Copy, word for word, the lines below from the one containing "Go to the Software" up to and including the one containing "Прочная, надежная, износоустойчивая", with pictures left out.

Exercise material:
=== Section Start ===

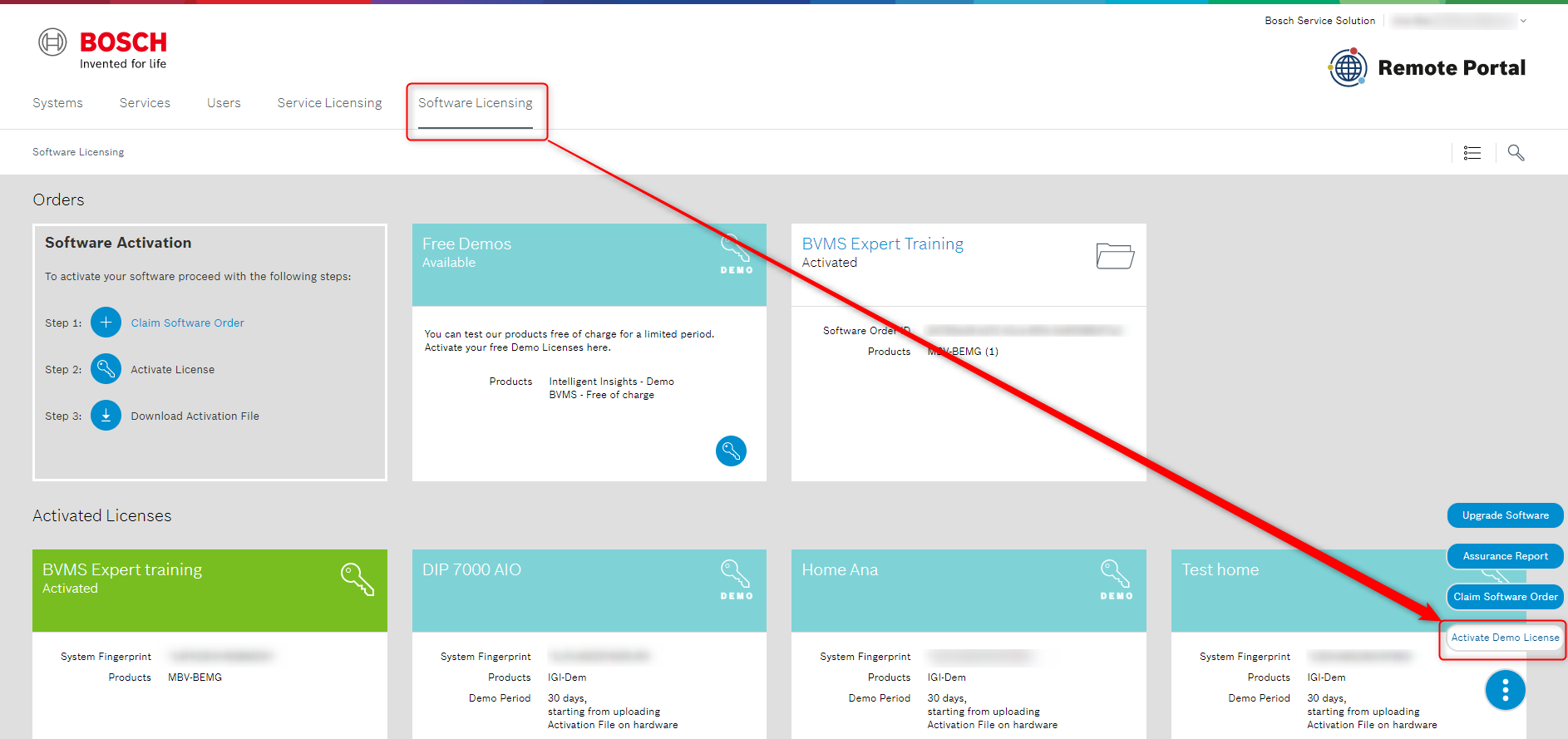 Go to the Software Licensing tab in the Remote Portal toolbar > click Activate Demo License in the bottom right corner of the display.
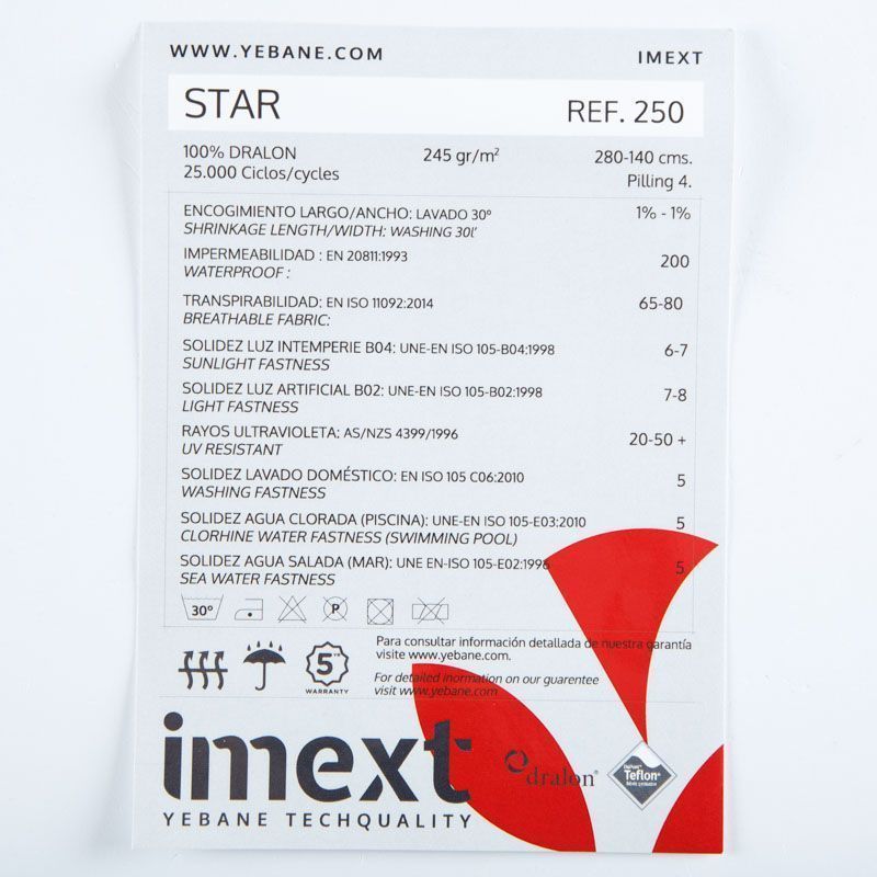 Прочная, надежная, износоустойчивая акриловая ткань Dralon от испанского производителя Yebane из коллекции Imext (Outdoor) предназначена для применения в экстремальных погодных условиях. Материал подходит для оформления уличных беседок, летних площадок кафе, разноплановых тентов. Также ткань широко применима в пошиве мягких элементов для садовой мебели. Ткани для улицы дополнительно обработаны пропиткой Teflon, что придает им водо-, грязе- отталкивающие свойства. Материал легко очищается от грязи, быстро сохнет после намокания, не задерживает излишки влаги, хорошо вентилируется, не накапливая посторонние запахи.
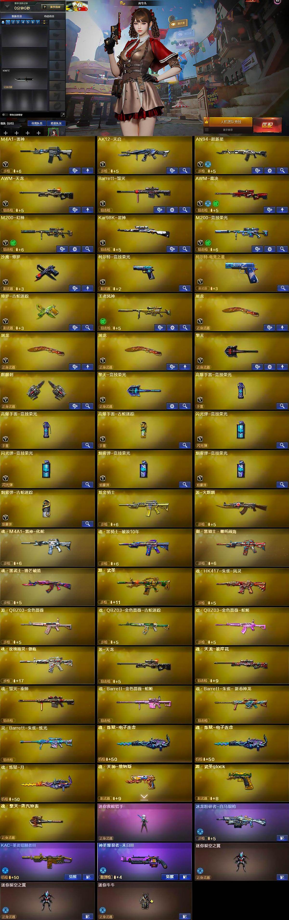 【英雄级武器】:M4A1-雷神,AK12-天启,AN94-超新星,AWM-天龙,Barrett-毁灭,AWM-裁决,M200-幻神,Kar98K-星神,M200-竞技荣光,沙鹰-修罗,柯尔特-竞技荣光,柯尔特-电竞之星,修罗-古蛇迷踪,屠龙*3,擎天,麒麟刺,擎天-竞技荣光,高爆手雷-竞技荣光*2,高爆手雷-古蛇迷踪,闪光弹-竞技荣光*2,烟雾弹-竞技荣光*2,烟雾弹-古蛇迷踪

=== Section End ===
=== Section Start ===

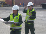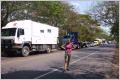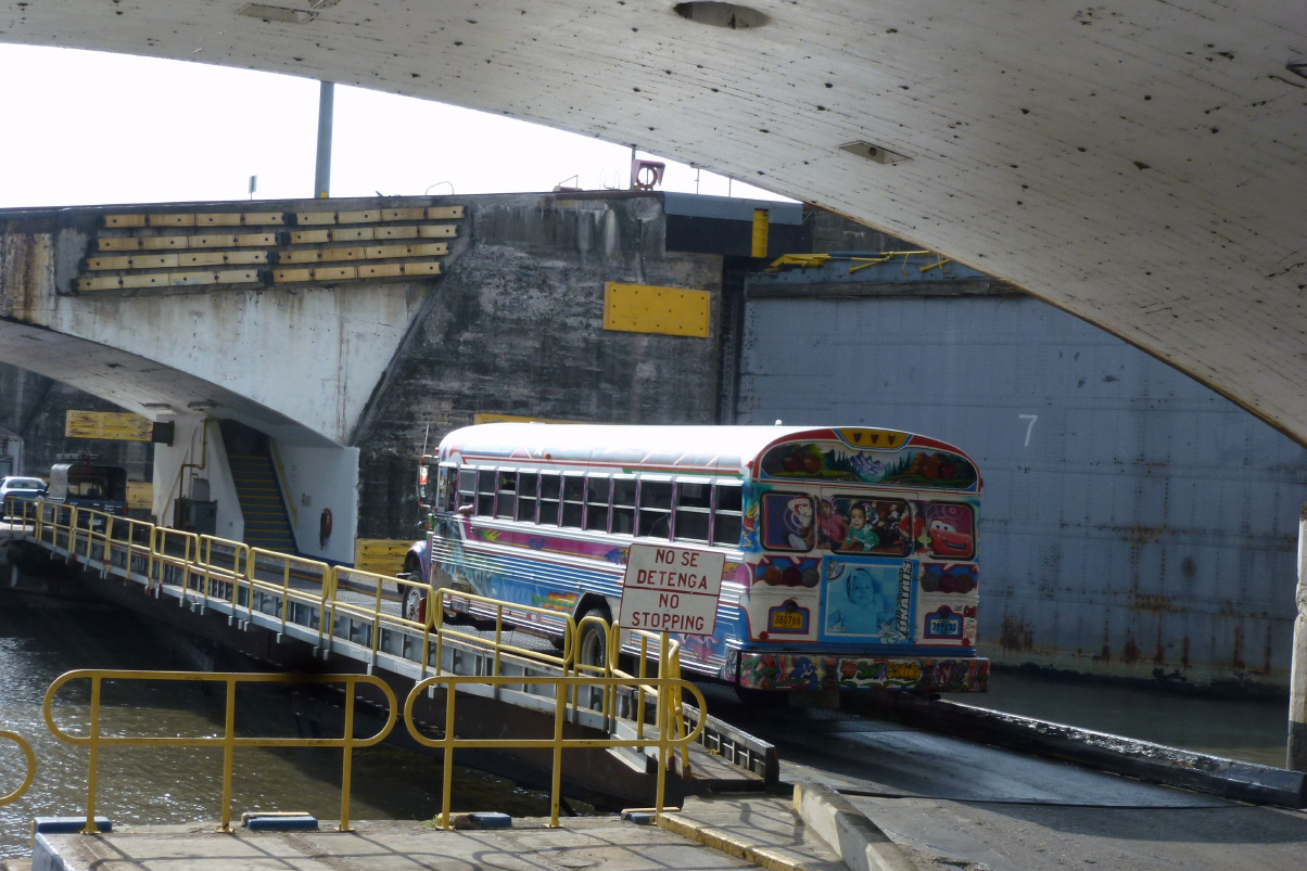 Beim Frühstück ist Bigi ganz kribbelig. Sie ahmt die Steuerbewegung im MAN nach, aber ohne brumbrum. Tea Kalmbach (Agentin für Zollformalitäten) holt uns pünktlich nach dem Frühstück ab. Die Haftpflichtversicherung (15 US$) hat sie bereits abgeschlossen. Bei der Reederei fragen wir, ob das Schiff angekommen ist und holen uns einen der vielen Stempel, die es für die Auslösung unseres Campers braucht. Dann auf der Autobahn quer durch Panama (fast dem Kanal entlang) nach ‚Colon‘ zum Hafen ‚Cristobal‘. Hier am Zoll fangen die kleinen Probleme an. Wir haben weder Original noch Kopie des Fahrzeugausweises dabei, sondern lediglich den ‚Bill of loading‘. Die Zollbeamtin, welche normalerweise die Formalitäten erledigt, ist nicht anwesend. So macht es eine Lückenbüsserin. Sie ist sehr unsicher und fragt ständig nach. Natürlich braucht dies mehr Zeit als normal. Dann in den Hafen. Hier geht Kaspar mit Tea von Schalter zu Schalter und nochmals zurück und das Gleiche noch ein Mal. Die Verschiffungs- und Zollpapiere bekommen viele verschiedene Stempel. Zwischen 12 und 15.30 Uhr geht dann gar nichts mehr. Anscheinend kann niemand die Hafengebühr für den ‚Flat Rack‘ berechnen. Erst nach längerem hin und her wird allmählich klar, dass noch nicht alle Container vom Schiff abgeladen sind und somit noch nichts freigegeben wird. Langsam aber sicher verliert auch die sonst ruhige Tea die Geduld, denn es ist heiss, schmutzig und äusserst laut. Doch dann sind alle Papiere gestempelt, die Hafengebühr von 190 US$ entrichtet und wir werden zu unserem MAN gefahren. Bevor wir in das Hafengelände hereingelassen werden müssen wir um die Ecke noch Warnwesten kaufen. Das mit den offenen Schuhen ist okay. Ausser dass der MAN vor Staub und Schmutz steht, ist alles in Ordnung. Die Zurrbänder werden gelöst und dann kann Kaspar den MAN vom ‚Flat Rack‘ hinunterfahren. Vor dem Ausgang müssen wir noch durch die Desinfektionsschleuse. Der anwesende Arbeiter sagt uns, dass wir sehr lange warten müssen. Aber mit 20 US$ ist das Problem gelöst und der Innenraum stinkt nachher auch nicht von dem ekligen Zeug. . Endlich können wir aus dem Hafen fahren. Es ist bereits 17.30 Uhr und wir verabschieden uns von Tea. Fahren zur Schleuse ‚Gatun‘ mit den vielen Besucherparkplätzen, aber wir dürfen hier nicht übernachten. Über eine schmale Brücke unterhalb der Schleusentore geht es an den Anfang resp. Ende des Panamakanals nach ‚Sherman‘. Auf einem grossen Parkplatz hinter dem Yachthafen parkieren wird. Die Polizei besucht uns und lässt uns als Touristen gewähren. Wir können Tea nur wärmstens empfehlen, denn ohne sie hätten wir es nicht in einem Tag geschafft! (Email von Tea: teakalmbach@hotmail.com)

=== Section End ===

Response to the exercise:
 Go to the Software Licensing tab in the Remote Portal toolbar > click Activate Demo License in the bottom right corner of the display.
 Прочная, надежная, износоустойчивая акриловая ткань Dralon от испанского производителя Yebane из коллекции Imext (Outdoor) предназначена для применения в экстремальных погодных условиях. Материал подходит для оформления уличных беседок, летних площадок кафе, разноплановых тентов. Также ткань широко применима в пошиве мягких элементов для садовой мебели. Ткани для улицы дополнительно обработаны пропиткой Teflon, что придает им водо-, грязе- отталкивающие свойства. Материал легко очищается от грязи, быстро сохнет после намокания, не задерживает излишки влаги, хорошо вентилируется, не накапливая посторонние запахи.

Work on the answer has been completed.